Threshold Boolean networks are widely used to model gene regulatory systems and social dynamics such as consensus formation. In these networks, each node takes a binary value (0 or 1), leading to an exponential growth in the number of possible configurations with the number of nodes (

2^{n}

). Inferring such networks involves learning a weight matrix and threshold vector from configuration data. However, in practice, the full state transition matrix is rarely available. This study investigates the generalization power of threshold Boolean networks, specifically, their ability to accurately infer the underlying network as the amount of available training data is reduced or degraded. We conducted experiments to empirically explore this generalization across networks with varying sizes and connectivities, using the perceptron learning algorithm for training. We also examined scenarios where data is degraded and evaluated the networks’ ability to preserve the original system’s fixed points. Our results reveal an inverse relationship between network size and the required portion of the state transition matrix: larger networks require less data to infer the original structure. For example, networks with five nodes required about 62.5% of the data, whereas networks with nine nodes needed only 46%. Conversely, we observed a positive correlation between node indegree and the amount of training data necessary for accurate inference. In terms of preserving fixed points, our findings indicate that using approximately 40% of the data is generally sufficient to retain the fixed points present in the complete dataset.

查看原文本刊更多论文

阈值布尔网络的泛化能力。

阈值布尔网络被广泛用于模拟基因调控系统和社会动态，如共识形成。在这些网络中，每个节点采用二进制值（0或1），导致可能的配置数量随着节点数量（2n）呈指数增长。推断这样的网络需要从配置数据中学习权重矩阵和阈值向量。然而，在实践中，完整的状态转移矩阵很少可用。本研究探讨了阈值布尔网络的泛化能力，特别是当可用训练数据量减少或退化时，它们准确推断底层网络的能力。我们进行了实验，利用感知器学习算法进行训练，在不同大小和连接的网络上经验地探索这种泛化。我们还检查了数据退化的场景，并评估了网络保留原始系统固定点的能力。我们的结果揭示了网络大小和状态转移矩阵所需部分之间的反比关系：更大的网络需要更少的数据来推断原始结构。例如，5个节点的网络需要大约62.5%的数据，而9个节点的网络只需要46%的数据。相反，我们观察到节点度与准确推理所需的训练数据量之间呈正相关。在保留不动点方面，我们的研究结果表明，使用大约40%的数据通常足以保留完整数据集中存在的不动点。

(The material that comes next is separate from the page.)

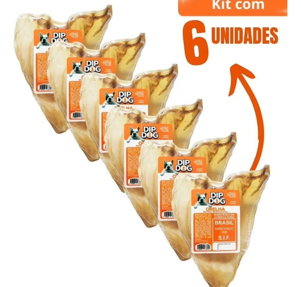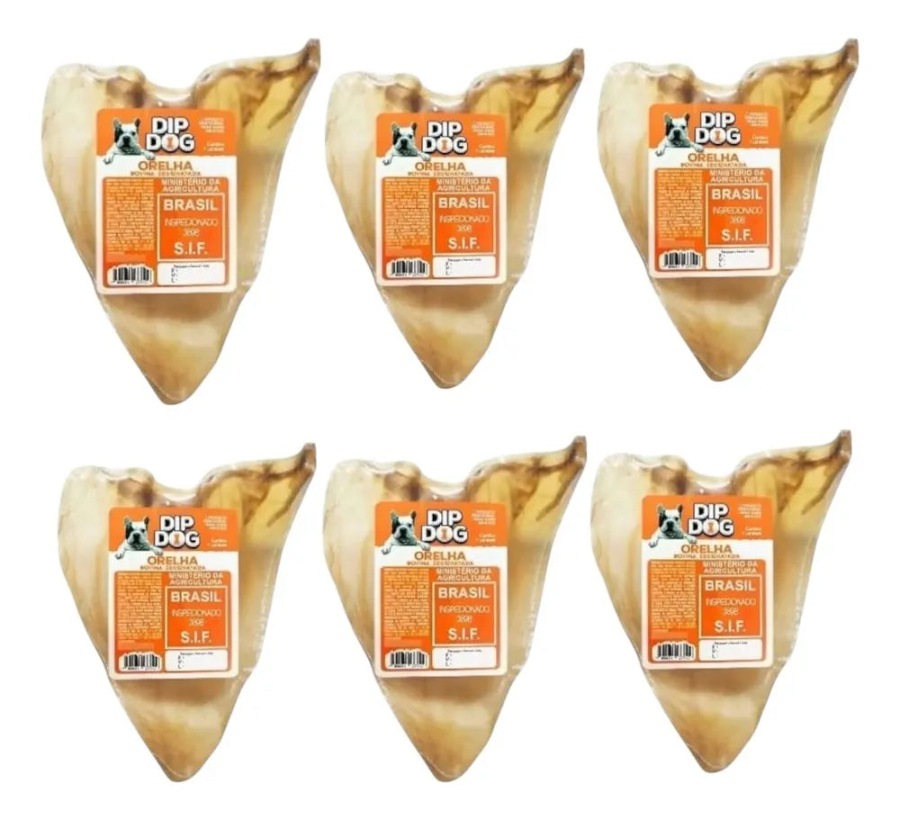 CONJUNTO DE 06 ORELHAS BOVINAS DESIDRATADAS

本文章由计算机程序翻译，如有差异，请以英文原文为准。

求助全文

约1分钟内获得全文求助全文

来源期刊

Biosystems 生物-生物学

CiteScore

3.70

自引率

18.80%

发文量

129

审稿时长

34 days

期刊介绍： BioSystems encourages experimental, computational, and theoretical articles that link biology, evolutionary thinking, and the information processing sciences. The link areas form a circle that encompasses the fundamental nature of biological information processing, computational modeling of complex biological systems, evolutionary models of computation, the application of biological principles to the design of novel computing systems, and the use of biomolecular materials to synthesize artificial systems that capture essential principles of natural biological information processing.